Tom Tykwer

Rachel Hurd-Wood as the vision of olfactory bliss in Perfume (2006)

Rachel Hurd-Wood as the vision of olfactory bliss in Perfume (2006)

  • Born: 1965
  • Rank: 77
  • Score: 526.20
  • Feature Films: 7
  • Best: The Princess and the Warrior
  • Worst: Winter Sleepers

Films (in rank order):

  1. The Princess and the Warrior – 2000
  2. Run Lola Run – 1998
  3. Heaven – 2002
  4. Perfume: The Story of a Murderer – 2006
  5. Winter Sleepers – 1997

(have not been able to see Deadly Maria and have not yet seen The International)

Tom Tykwer burst on to the international scene with a bang when Run Lola Run was released. Never mind that he had already released two feature length films (Winter Sleepers may be the weakest of his films, but it is still a ***.5 film). When The Princess and the Warrior, which re-united him with Lola star Franka Potente, came out, he became one of the most talked about directors around. And then for some reason people stopped talking about him. He made Heaven, from a Kieslowski script, then took four years to make Perfume, the novel that everyone said could never be filmed. Perfume barely got noticed in the states and in spite of brilliant costumes, makeup and art direction didn’t get a single Oscar nomination. He followed that with one of the best stories in the ensemble Paris Je T’Aime and then earlier this year released The International.

Perfume: The Story of a Murderer – #19 film of 2006

I have seen this film twice now, once when it was first released on video and again a few months ago after reading the novel, and I found it just as interesting and disturbing each time. I could understand even before I read the novel how hard it would be to make a movie so based on the sense of smell. But after reading the novel, I saw that the key to making this a great film was two things.

The first thing was the direction. It’s clear from the start that Tykwer has a vision for how the film should move and how the characters should react to each other to make us feel like the sense of smell is coming alive even though we can’t smell a thing. He paces the film properly, moves us closer when he should, draws back when he must, makes us feel the sense of smell moving over great distances.

The second key to the film is casting.
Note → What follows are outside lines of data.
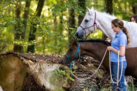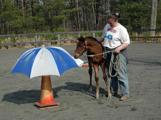 脱敏:进行简单的脱敏训练,多带小马驹到处走走,让他们适应各种环境,如河、树丛、木桩等等;教小马驹上下车,并让它适应车内较为阴暗的环境。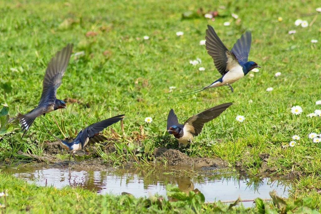 Common swallows (Hirundo rustica), returned from their long migrations, come hawking over our fields and ponds in search of insects at this time of year.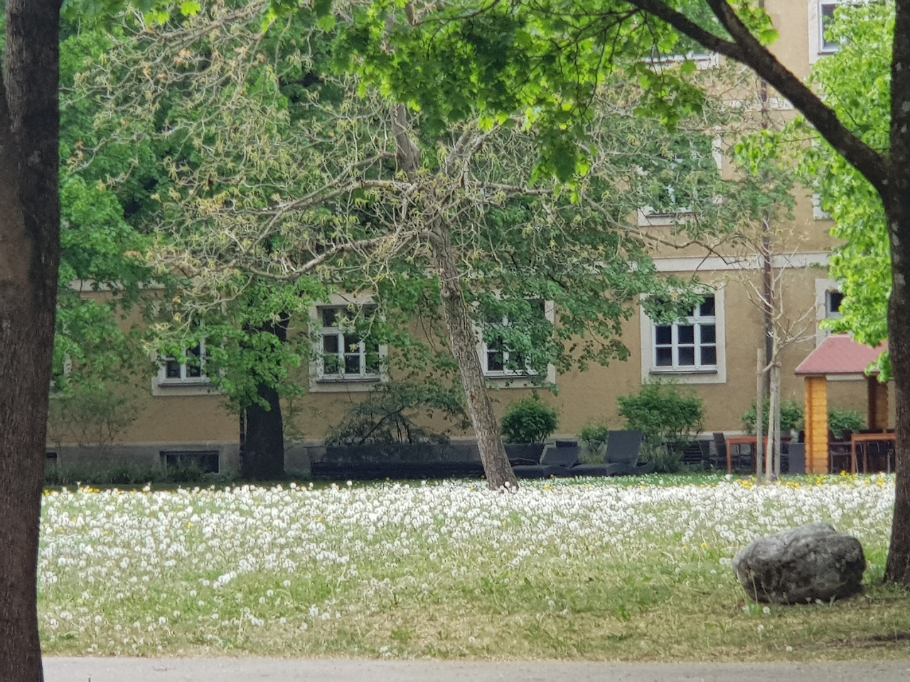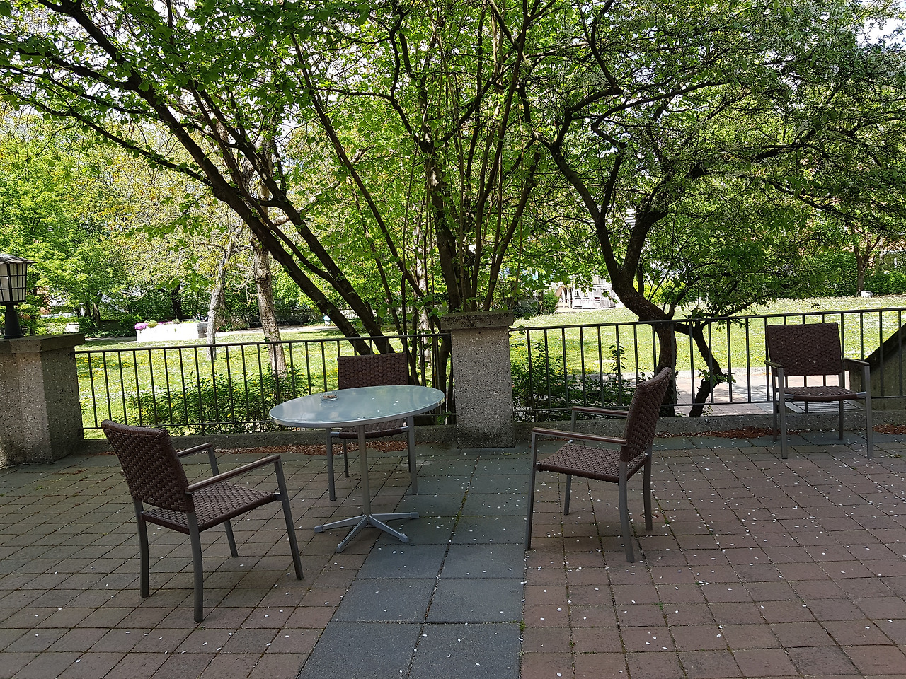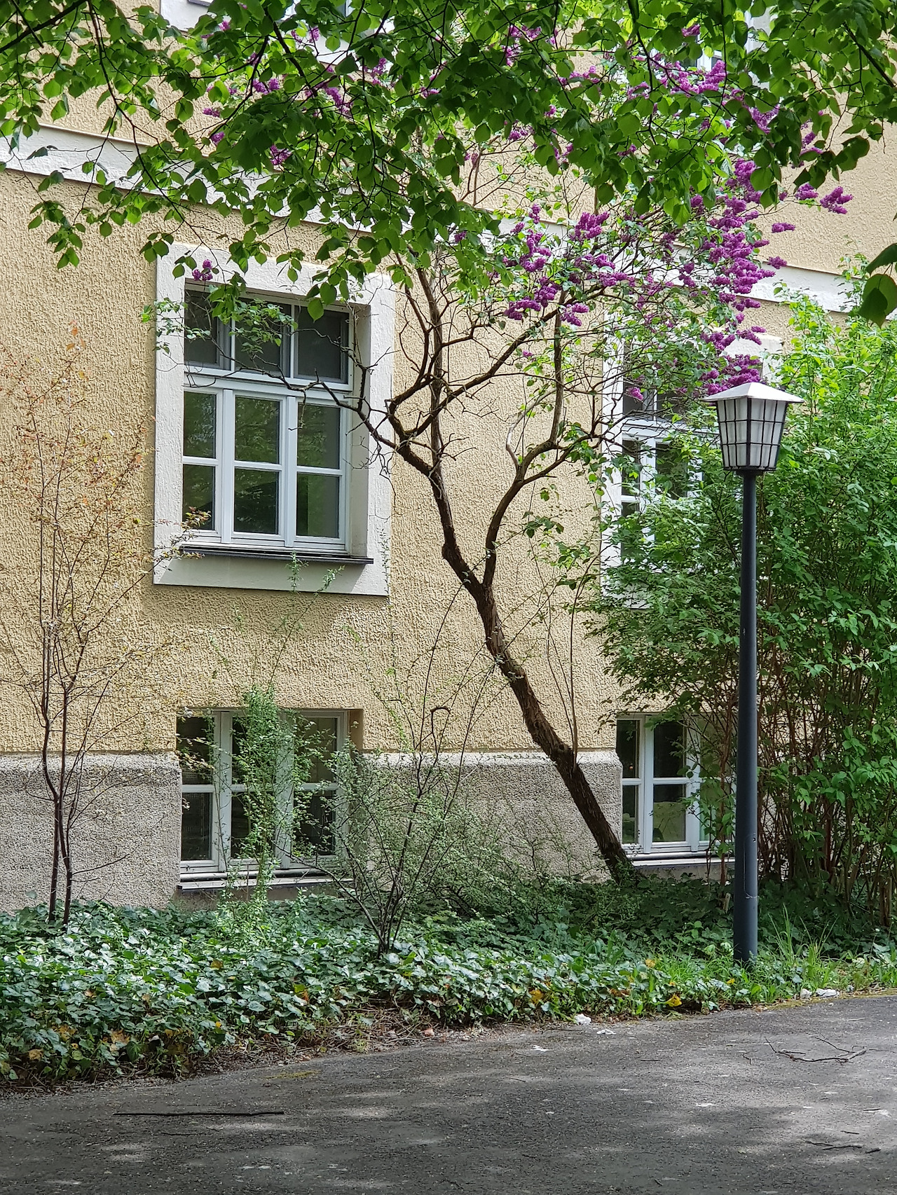 4월, 나날이 푸르러지는 요양원 건물 안쪽 정원

The film is cast perfectly. The first was the discovery of Ben Whishaw to play the young murderer. I don’t think I’ve ever seen such a purposeful performance of such a single minded sociopath. But it doesn’t end with Whishaw. Dustin Hoffman plays every note perfectly as the failing perfumer, John Hurt knows exactly how to make the voiceover work (how is it that foreign directors are so much better with voiceovers?) and of course, the casting of Rachel Hurd-Wood, who just a few years before had seemed so perfectly cast as an awkward Wendy Darling could be the absolute vision of the bliss that our young murderer is seeking.

Perfume is certainly not a film for everyone (like my mother for instance), but it is a great film and like the novel before it, ends where it should. Back in Paris. Surrounded by the city of smells.